*WHAT YOU SHOULD DO*
Return, with both end lines included, exactly what the data below holds from the line with "Seven receiving blankets for newborns." through the line with "The primary scene", though not the pictures.

*MATERIALS PROVIDED*
------------------------------------------------------------------------
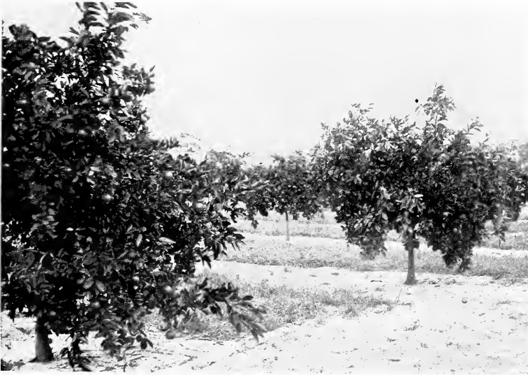
Pineapple Orange Tree—Four Years Old

of Florida are so marked that men of experience and keen judgment have predicted that before many years this State will control the bulk of the citrus fruit produced in this country, and by reason of her steady increase in quantity and quality of fruit produced, methods of marketing, packing and handling, and through educating
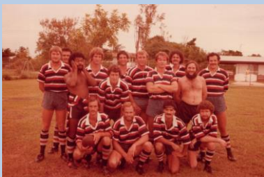
The early years
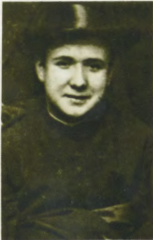
Monsignor Josemaría Escrivá de Balaguer as a seminarian in Saragossa, 1923.

Years later he recalled those memories. There come to mind so many manifestations of God's Love during my adolescent years, when I sensed that Our Lord wanted something of me, something though I knew not what it was. Ordinary events and details, seemingly without significance, and yet He used them to place within my soul a divine restlessness. And so I well understand that love so human and yet so divine of Theresa of the Child Jesus, whose heart is moved when in
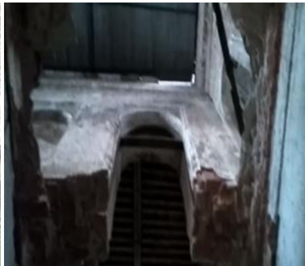
Figure 3 a) Damages to External walls
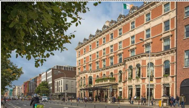
THE SHELBOURNE HOTEL - DUBLIN

Experience the elegance and luxury of The Shelbourne Dublin, A Renaissance Hotel. This exceptional five-star hotel, set in a hundred-year-old majestic building, is the premier city centre hotel in Dublin.
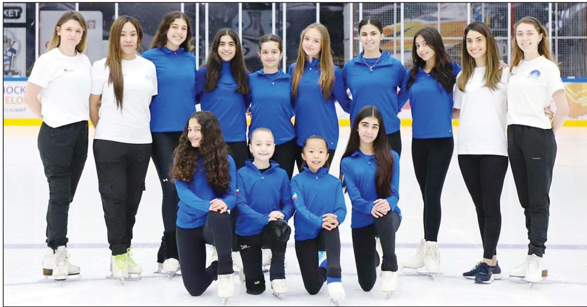
Kuwait's national figure skating team with the training staff.

He grabbed 106 rebounds in seven games against Sacramento, including 90
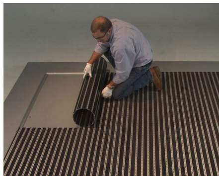
17 Care & Maintenance: to properly clean underneath the mat and avoid rail damage, roll back the mat edge to the 12th rail. Continue to roll back the mat holding that diameter.
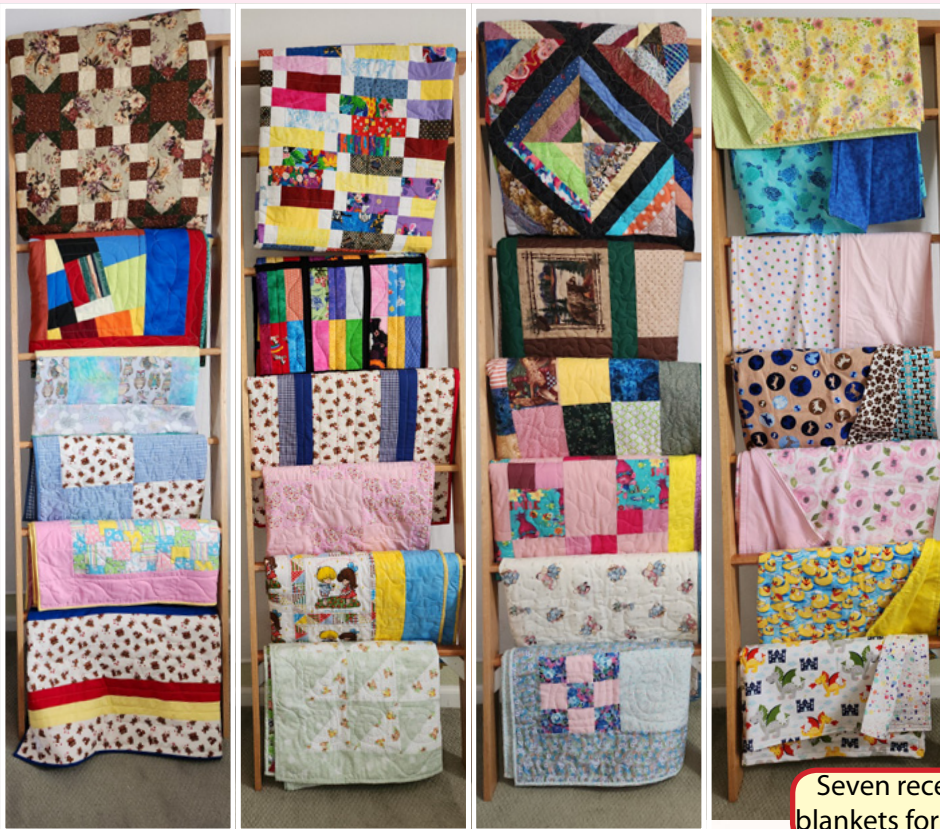
Seven receiving blankets for newborns.

Our members have been busily making new quilts for our donations. Thanks for all you do each month.
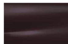
From the UNISON color palette
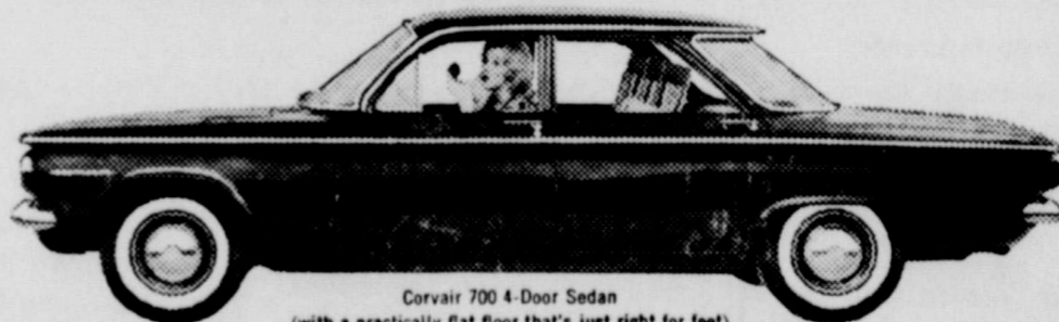
Corvair 700 4-Door Sedan (with a practically flat floor that's just right for feet)

See Chevrolet Cars, Chevy's Corvair and Corvette at Your Local Authorized Chevrolet Dealer's
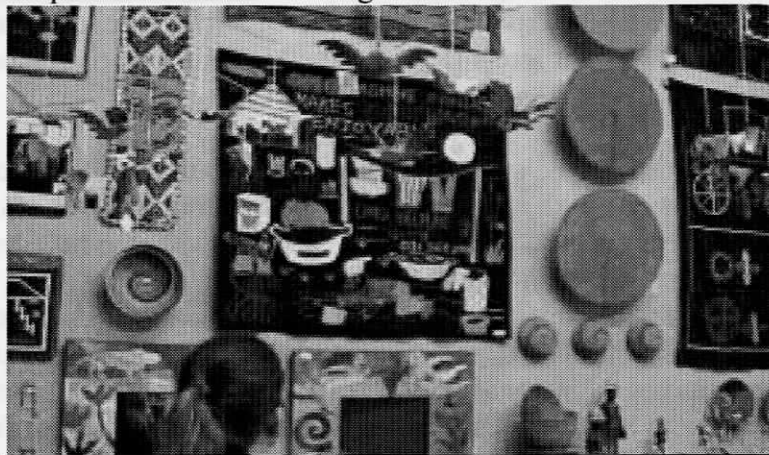
Fig. 8 Arts Africa, July 2002.
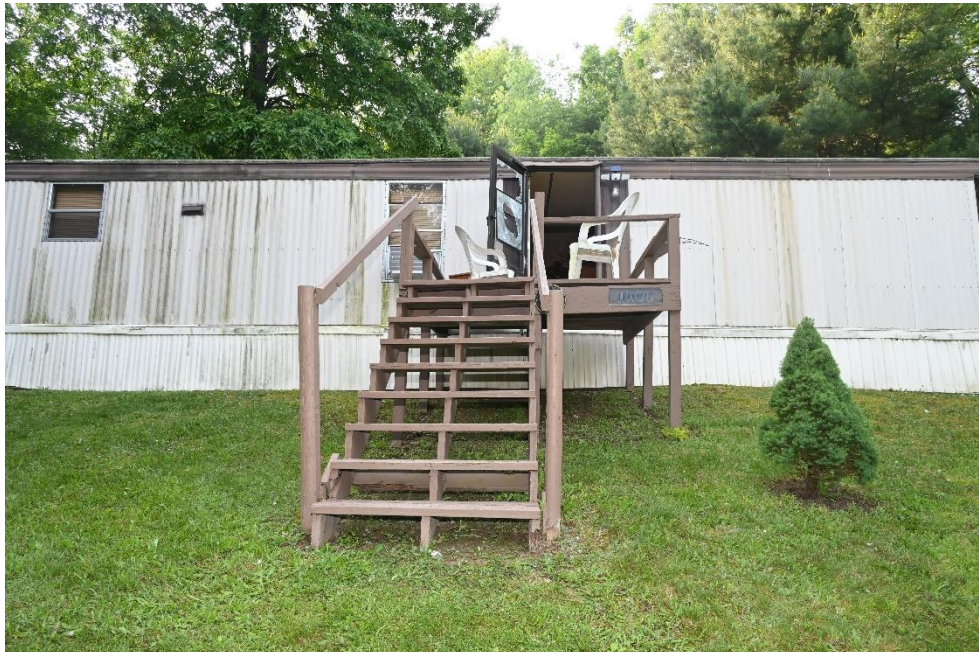
Figure 1: Exterior Overall Photograph

The primary scene consisted of a manufactured house. The residence can be described as a white single-wide manufactured home with a wooden porch off the front door. The front door had a storm door with a glass pane. The glass pane was broken. The front door entered into an open concept living room and kitchen. A bedroom with two beds was located to the south of the living room. A laundry room and an exterior rear door were located to the north of the kitchen. The bathroom was located to the west of the laundry room. On the north side of the home, a bedroom was located with two deceased individuals. A male, later identified as Lloyd Ray (July 20, 1961, W/M), was located with a rifle in his hands. A female, later identified as Laretta Beltz (April 1, 1957, W/F), was located on the floor near the end of the bed. The bedroom had a large hole in the exterior wall from SWAT's efforts. A purse was located to the north of the house in the woods.
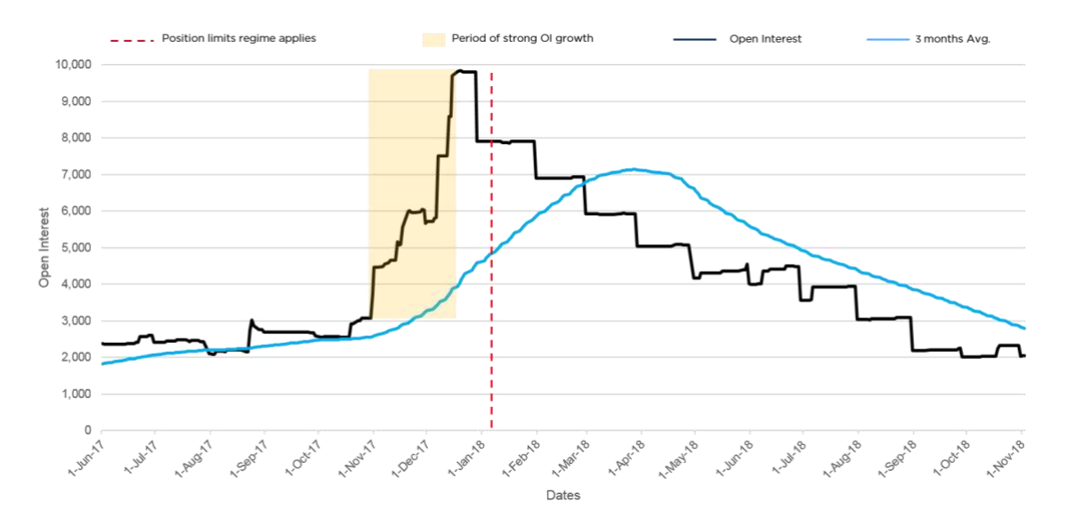
Figure 1: Impact of position limit regime on development of ICE Endex Italian PSV Gas Futures market.

In practice it has proven to be impossible for NCAs to reclassify markets and recalibrate the applicable limits quickly enough and in a manner that would prevent a negative impact on the development of fast growing markets. Figure 1 illustrates this negative impact on one of ICE's previously fast growing markets when subjected to the MiFID II position limit regime. The material growth in open interest (area marked in yellow) started in Q4 2017, but this momentum was severely impaired at the end of 2017 and in early 2018 in anticipation of the introduction of the MiFID II position limit regime. Before any reclassification of this market and subsequent recalibration of the limit could occur, the damage caused to the development of this market had proven to be irrevocable. This negative effect on the development of commodity derivatives markets described above is stereotypical for fast growing markets subject to the MiFID II position limit regime.
------------------------------------------------------------------------
*TASK OUTPUT*
Seven receiving blankets for newborns.

Our members have been busily making new quilts for our donations. Thanks for all you do each month.
From the UNISON color palette
Corvair 700 4-Door Sedan (with a practically flat floor that's just right for feet)

See Chevrolet Cars, Chevy's Corvair and Corvette at Your Local Authorized Chevrolet Dealer's
Fig. 8 Arts Africa, July 2002.
Figure 1: Exterior Overall Photograph

The primary scene consisted of a manufactured house. The residence can be described as a white single-wide manufactured home with a wooden porch off the front door. The front door had a storm door with a glass pane. The glass pane was broken. The front door entered into an open concept living room and kitchen. A bedroom with two beds was located to the south of the living room. A laundry room and an exterior rear door were located to the north of the kitchen. The bathroom was located to the west of the laundry room. On the north side of the home, a bedroom was located with two deceased individuals. A male, later identified as Lloyd Ray (July 20, 1961, W/M), was located with a rifle in his hands. A female, later identified as Laretta Beltz (April 1, 1957, W/F), was located on the floor near the end of the bed. The bedroom had a large hole in the exterior wall from SWAT's efforts. A purse was located to the north of the house in the woods.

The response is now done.